**Exercise requirements:** The full listing, returned exactly and free of pictures, is the expected answer.

**Data section:**
■ ■ ■ ■ ■ ■ ■
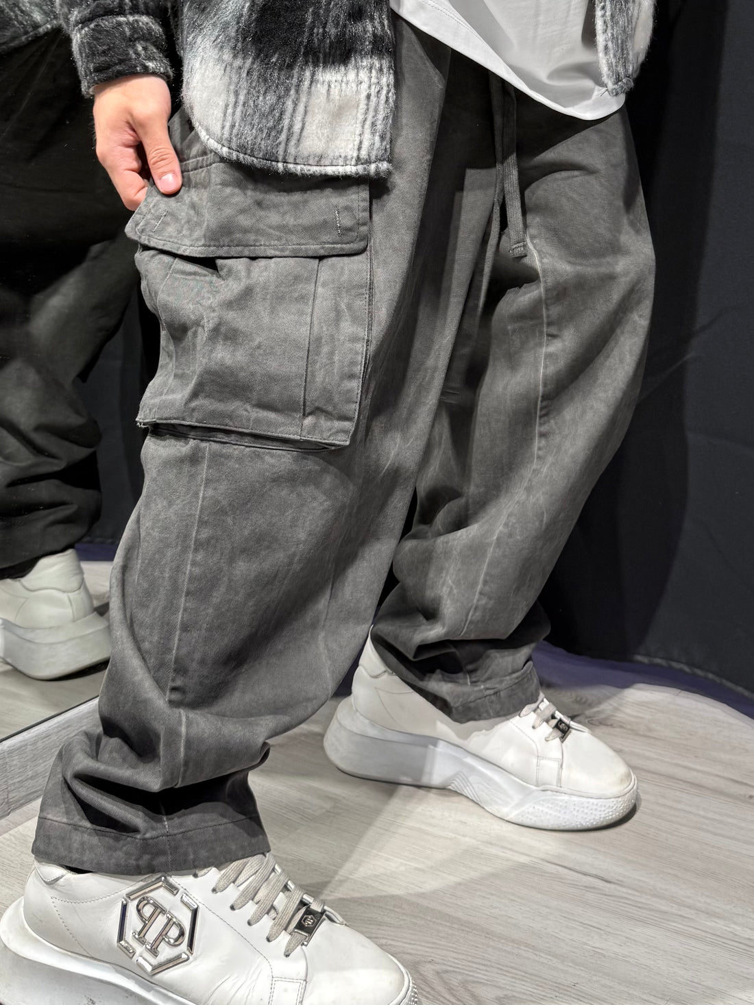 Un jeans baggy che parla da solo. Le sfumature intense dal nero al grigio creano...
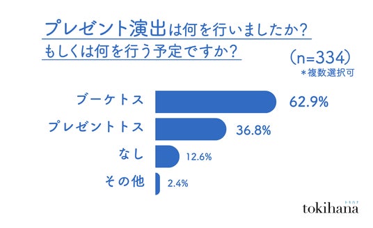 「幸せのおすそ分け」として定番のブーケトスは、依然として62.9%のカップルが実施していることが判明しました。一方で、ブーケトスに代わって「プレゼントトス」など、ゲスト全員が参加できる新しい演出も増えつつあります。
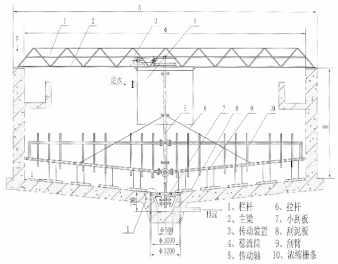 浓缩机由中心传动装置驱动传动轴,刮臂等旋转,刮臂上的刮板将污泥由池边逐渐刮至池中心的泥坑中,通过排泥管排出池外;刮臂上固定有搅拌栅条,旋转时扰动污泥使水和气体外溢,提供絮状污泥的沉淀空间,加速污泥的下沉,提高浓缩效果。
■ ■ ■ ■ ■ ■ ■
**Result of the task:**
 Un jeans baggy che parla da solo. Le sfumature intense dal nero al grigio creano...
 「幸せのおすそ分け」として定番のブーケトスは、依然として62.9%のカップルが実施していることが判明しました。一方で、ブーケトスに代わって「プレゼントトス」など、ゲスト全員が参加できる新しい演出も増えつつあります。
 浓缩机由中心传动装置驱动传动轴,刮臂等旋转,刮臂上的刮板将污泥由池边逐渐刮至池中心的泥坑中,通过排泥管排出池外;刮臂上固定有搅拌栅条,旋转时扰动污泥使水和气体外溢,提供絮状污泥的沉淀空间,加速污泥的下沉,提高浓缩效果。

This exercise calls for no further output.